2. General Procedure: Randomization and Design
3. Procedure for Randomization and Design
Figure 4: Experimental design for the current study. The experiment consisted of 4 phases: (1) food preference- and familiarity-rating task, (2) bidding task, (3) food auction, (4) in-lab waiting period. Participants first complete either a preference- or familiarity-rating task (counterbalanced across participants). In the preference task, participants viewed an image of each snack food item for 3 s and then rate how much they liked the item (using a -7 to 7 rating scale) using a sliding analog bid bar. For the familiarity rating task, participants indicated how familiar they were with the item (using a 0 to 3 rating scale). Next, participants completed a bidding task in which they rated how much they were willing to pay ($0-$3) for each snack food item. Half of the stimuli were presented as real foods and half were presented as 2-D images. Viewing time on each trial was controlled using computer-controlled visual occlusion glasses. At the start of the trial, the glasses transitioned to the 'open' (transparent) state for 3 s, before returning to the 'closed' (opaque) state for a 3 s inter-trial interval. The spectacles then opened to allow the participant to record a response. Once the bidding task had been completed, an 'auction' was conducted to determine whether a participant 'won' a food item, and at what price. The auction was followed by a mandatory 30 min waiting period in the lab. If the participant won a food item, they could consume the food during the waiting period. All participants were asked to remain in the lab for the waiting period whether or not a food item was won during the auction. This figure has been reprinted from reference7 with permission from Elsevier. Please click here to view a larger version of this figure.

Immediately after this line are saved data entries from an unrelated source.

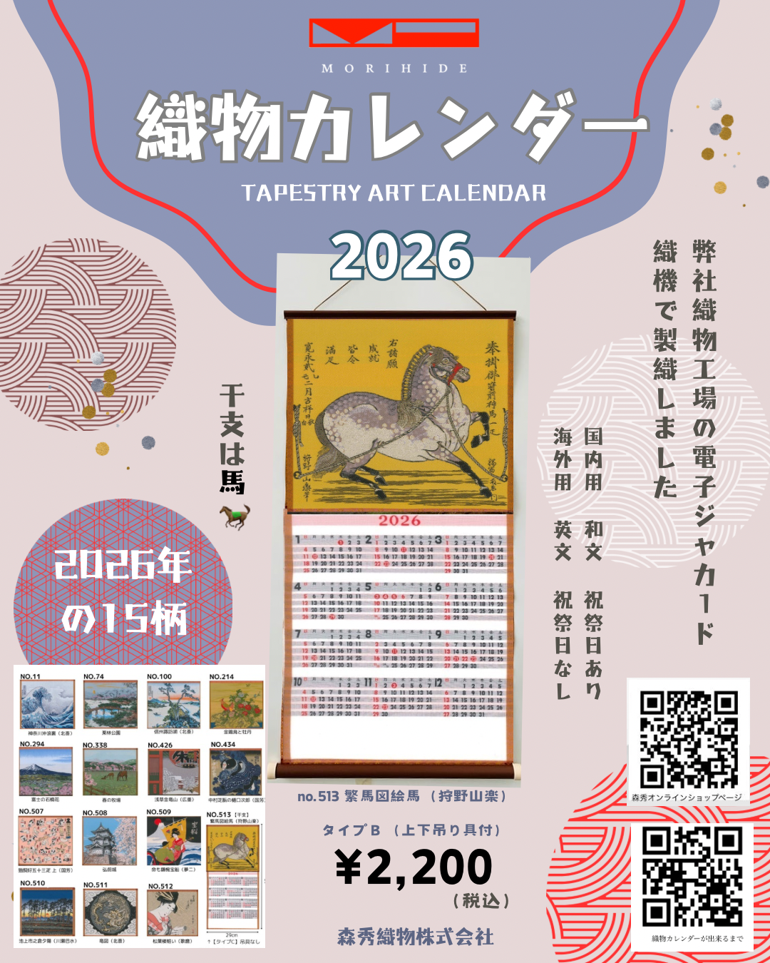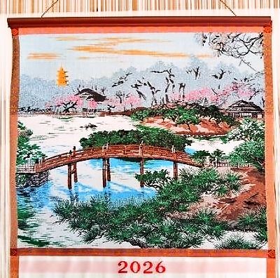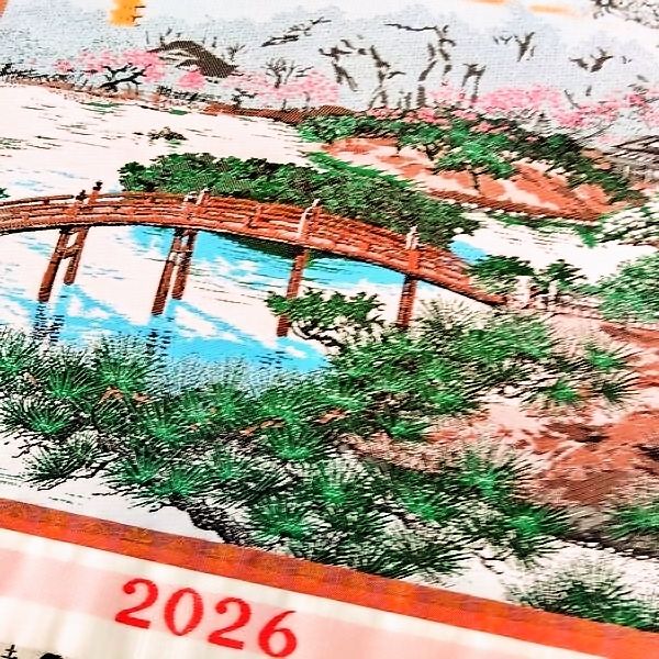 織物で表現された、壁掛けカレンダー 一年間飾った後は数字部分を外して絵画としても楽しめます 伝統的な日本の織物技術で織られる 浮世絵 美人画 伝統画 風景画をお選びください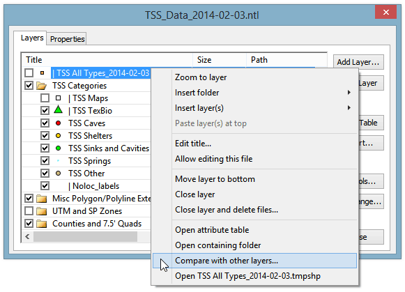 In this example, the shapefiles of interest are five visible ones grouped under folder TSS Categories. They aren't required to have these names, nor must they reside in the same disk folder. They should, however, be stored in a folder where their file links are valid, allowing the retrieval of any new files for the archive. Before initiating a comparison, make sure that these shapefiles have checked visibility boxes. That allows them to appear in the dialog that opens when you select Compare with other layers: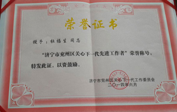 會上,經(jīng)典集團總經(jīng)理杜福生被授予“濟寧市兗州區(qū)關心下一代先進工作者”,并高度贊揚了先進工作者情系下一代、無私奉獻的精神。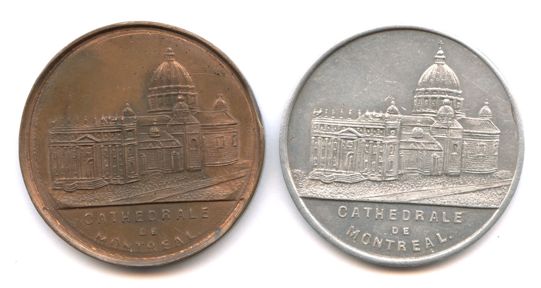 Lot of two (2) medals. 1.) Lr. 1175. 1886. Copper. Signed LYMBURNER. 37.4mm. 20.57g. The 1886 Grand Bazaar was held to raise money for the continued construction of the Cathedral de Montreal. This copper example was probably cleaned at some point, but it has an interesting clip at 2:30. Evidence of what may be a possible undertype appears around the inside of the rims on each side. 2.) Lr. 1175a. 1897. Aluminum. Cathedrale de Montreal / Archbishop Paul Bruchesi. 37.3mm. 4.54g. Well-preserved.
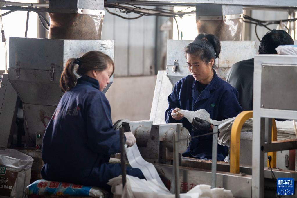 2月23日,工作人员在万荣县香菇产业园内加工菌棒。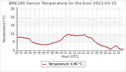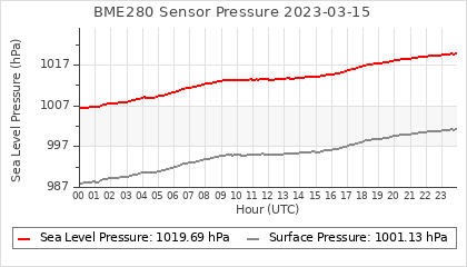 Experimental atmospheric pressure measurement with a simple sensor: BOSCH BME280The instrument is in the data collection box of the CR10X, the temperature and humidity do not reflect the real air conditions, because the box is in the sun and is not properly ventilated for these measurements.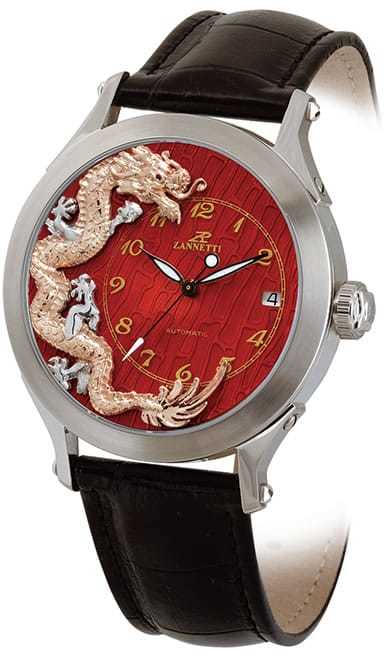 translucent colored red enamel, figure in bas-relief totally handmade in 18kt dial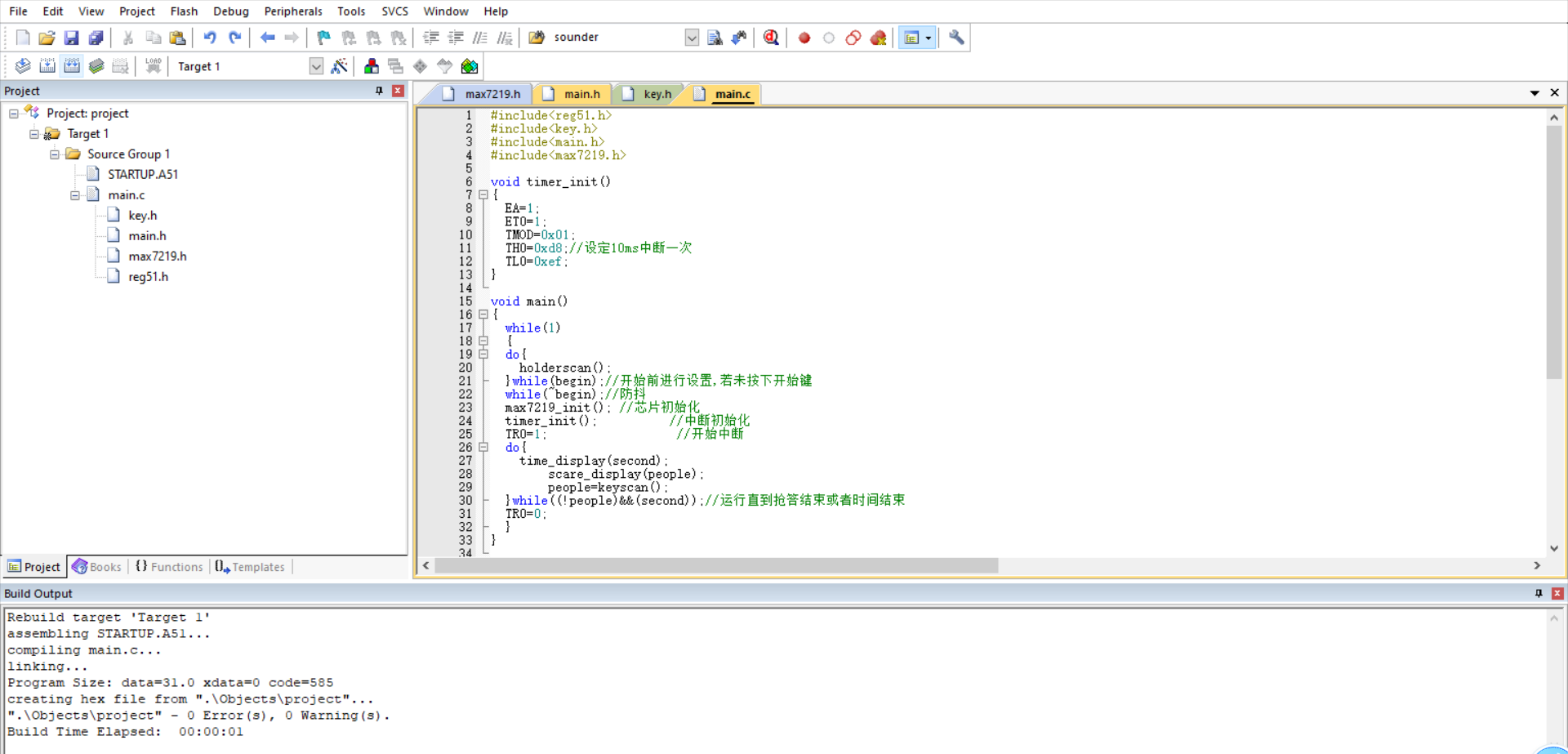 {while(1){do{holderscan();}while(begin);//开始前进行设置,若未按下开始键while(~begin);//防抖max7219_init(); //芯片初始化timer_init(); //中断初始化TR0=1; //开始中断do{time_display(second);scare_display(people);people=keyscan();}while((!people)&&(second));//运行直到抢答结束或者时间结束TR0=0;}

4. Participant Screening and Scheduling
5. Questionnaire Procedure
6. Preference- and Familiarity Rating Task Procedure
7. Bidding Task Procedure
8. Food Auction/ 30 Min Waiting Period Procedure
9. Calorie Estimation Procedure
10. Data Analysis
Representative results from this experiment are presented below. A more detailed description of the results, together with a follow-up study, can be found in the original publication7. We used a linear mixed effects model with the dependent variable of Bid, and independent variables of Display Format, Preference, Caloric Density, and Estimated Calories. As expected, and in line with previous studies12,14, there was a strong positive relationship between Preference ratings and Bids (F(1,1655) = 1803.69, p < .001) such that a one unit increase in Preference was associated with an increase of $0.15 in Bid value (β = .15, t(1655) = 42.47, p < .001; d = 8.03). There was also a significant main effect of Caloric Density on Bids (F(1, 1649) = 6.87, p < .01). A one unit increase in Caloric Density was associated with an increase of $.024 in Bids (β = .024, t(1649) = 2.62, p < .01; d = 0.50). The main effect of Estimated Calories was also significant (F(1, 1672) = 6.88, p < .01)11. A one unit increase in Estimated Calories was associated with an increase of $.009 in WTP (β = .009, t(1671) = 2.62, p < .01; d = .50). In other words, observers rated foods that were perceived to be of greater caloric content to be more valuable than foods of lower caloric content. Critically, after controlling for all other factors, we found a significant main effect of Display Format (F(1, 1645) = 7.99, p < .01, d = .53) in which there was a 6.62% increase in Bids for real foods versus food images. The amplification in WTP for real foods (vs. images) was relatively consistent across participants, with 20 out of 28 participants showing the effect. For illustrative purposes, Figure 5 displays average Bid values for each snack food item as a function of Preference, separately for foods shown as real objects (red) and images (blue). Similarly, Figure 6 displays average Bid values for each snack food as a function of Caloric Density, separately for foods in each Display Format. The amplification in WTP for real foods vs. images is evident in both Figure 5 and Figure 6. Importantly, the effect of Display Format on bids was constant across food Preference (F(1, 1644) = .025, p = .88), Caloric Density (F(1, 1643) = 2.54, p = .11) and Estimated Calories (F(1,1643) = .11, p = .74), and there were no significant higher-order interactions between any other factors (all p-values ≥ .11).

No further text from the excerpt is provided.